- WHAT IS NEEDED -
The copy you return must begin at the line containing "楚雄吉翔公棚(春棚)2026年386公里决赛获奖鸽欣赏" and end at the final line of the listing below, with every picture left out.

- MATERIAL FOR THE TASK -
________________________

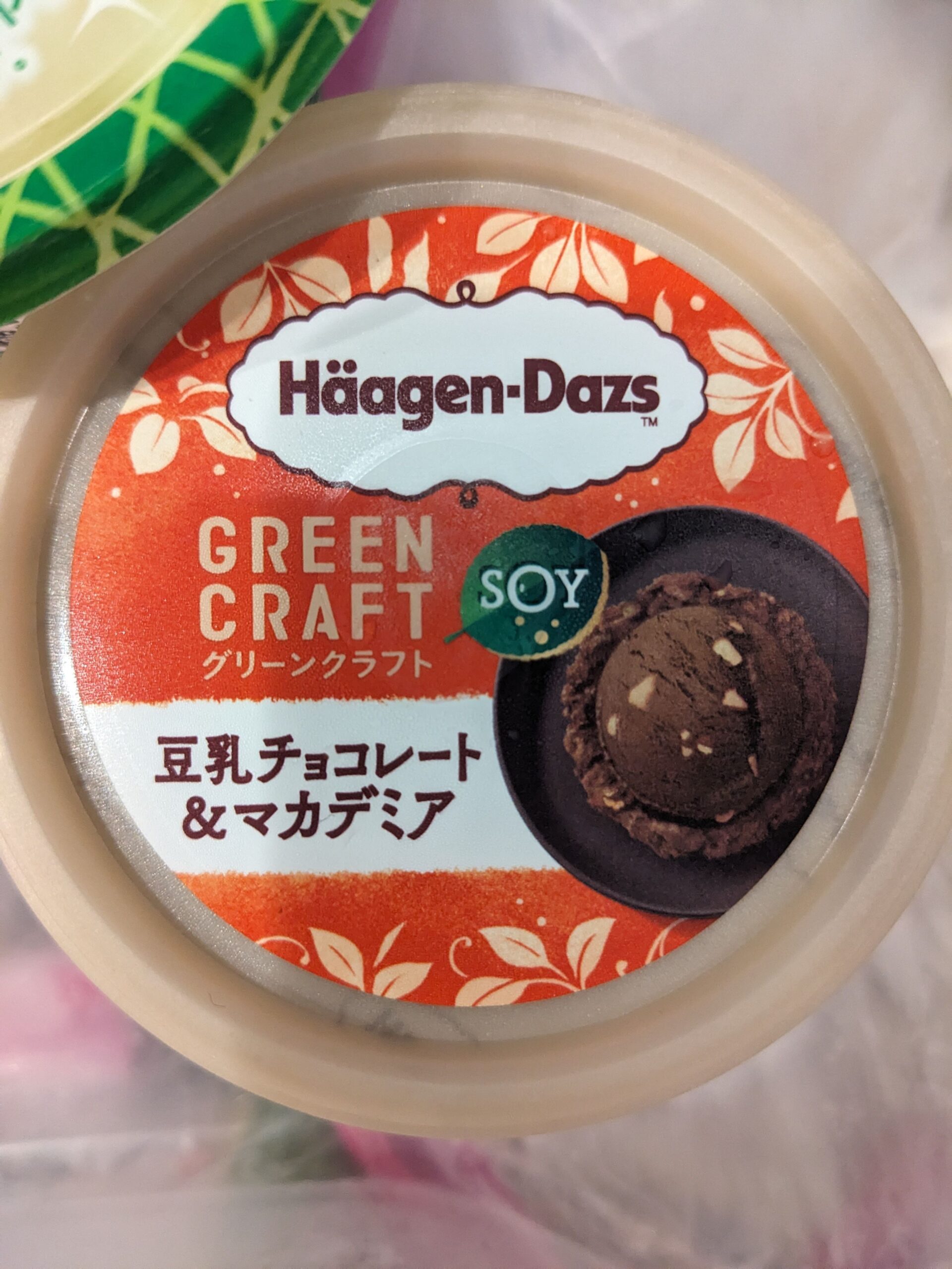 この間はじめて買ってみたハーゲンダッツ豆乳チョコレート&マカデミア。
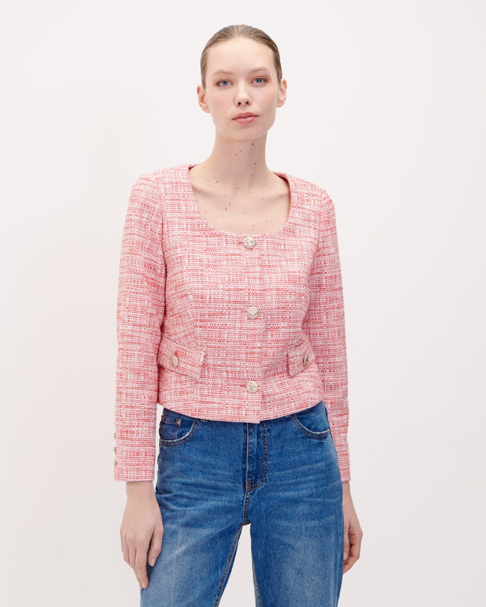 Saco Corto Rojo De Tweed Escote U
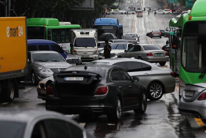 [9일 오전 강남구 대치역 인근 도로에 지난밤 폭우로 침수된 차들이 그대로 방치돼 있다. (서울=연합뉴스)]
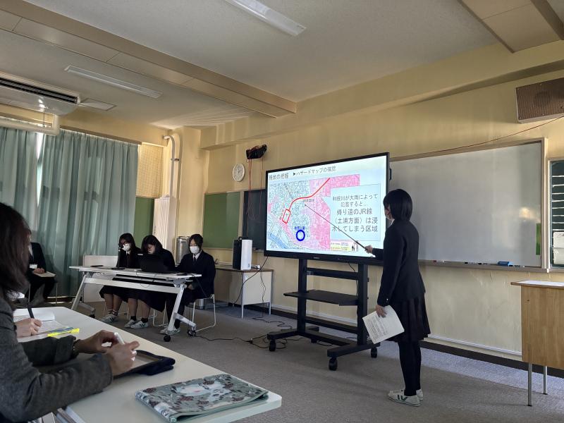 1学年時のSDGs校外学習で臨海広域防災公園を訪れたことをきっかけに、利根川が近くを流れる取手二高の地理的特徴を踏まえ、自分たちに最も起こりうる災害として洪水・大雨被害に着目し、その対策について研究を進めました。
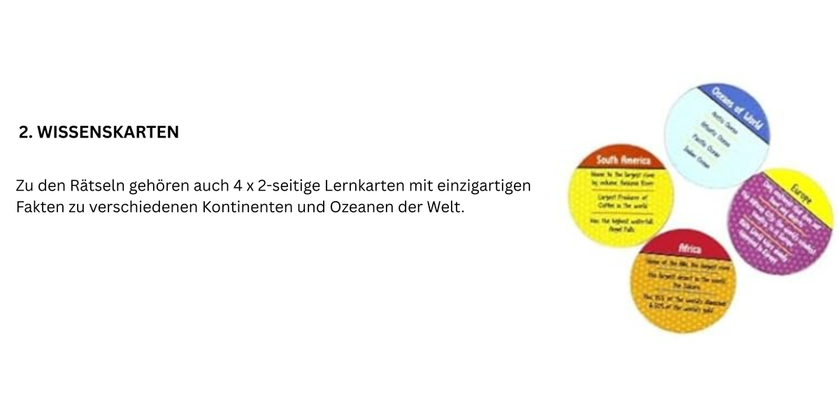 - Enthält 4 doppelseitige Lernkarten: Die Lernkarten vermitteln interessante Fakten über Kontinente und Ozeane und erweitern so das geografische Wissen der Kinder.
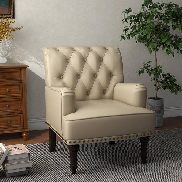 Mid-Century Modern Solid Wood Legs Beige PU Leather Button Upholstered Accent Armchair With Nailhead Trim
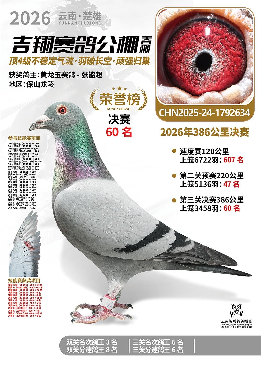 楚雄吉翔公棚(春棚)2026年386公里决赛获奖鸽欣赏
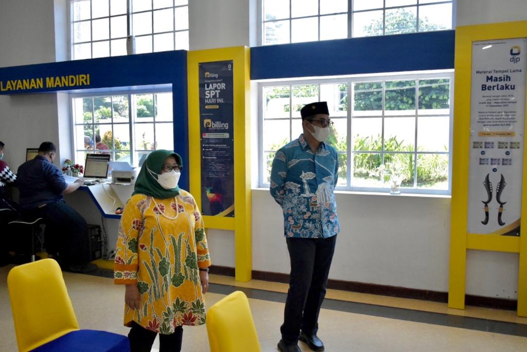 Didampingi oleh Kepala Kantor Wilayah Direktorat Jenderal Pajak (Kanwil DJP) Jawa Barat III Catur Rini Widosari dan Kepala KPP Pratama Bogor Albert Rinus Halomoan Saragi Siallagan, Suryo memperhatikan situasi pelayanan tatap muka kepada wajib pajak. Suryo juga memastikan sarana layanan seperti loket TPT, loket helpdesk, layanan mandiri, ruang konsultasi dan sarana lainnya.

________________________

- SOLUTION -
 楚雄吉翔公棚(春棚)2026年386公里决赛获奖鸽欣赏
 Didampingi oleh Kepala Kantor Wilayah Direktorat Jenderal Pajak (Kanwil DJP) Jawa Barat III Catur Rini Widosari dan Kepala KPP Pratama Bogor Albert Rinus Halomoan Saragi Siallagan, Suryo memperhatikan situasi pelayanan tatap muka kepada wajib pajak. Suryo juga memastikan sarana layanan seperti loket TPT, loket helpdesk, layanan mandiri, ruang konsultasi dan sarana lainnya.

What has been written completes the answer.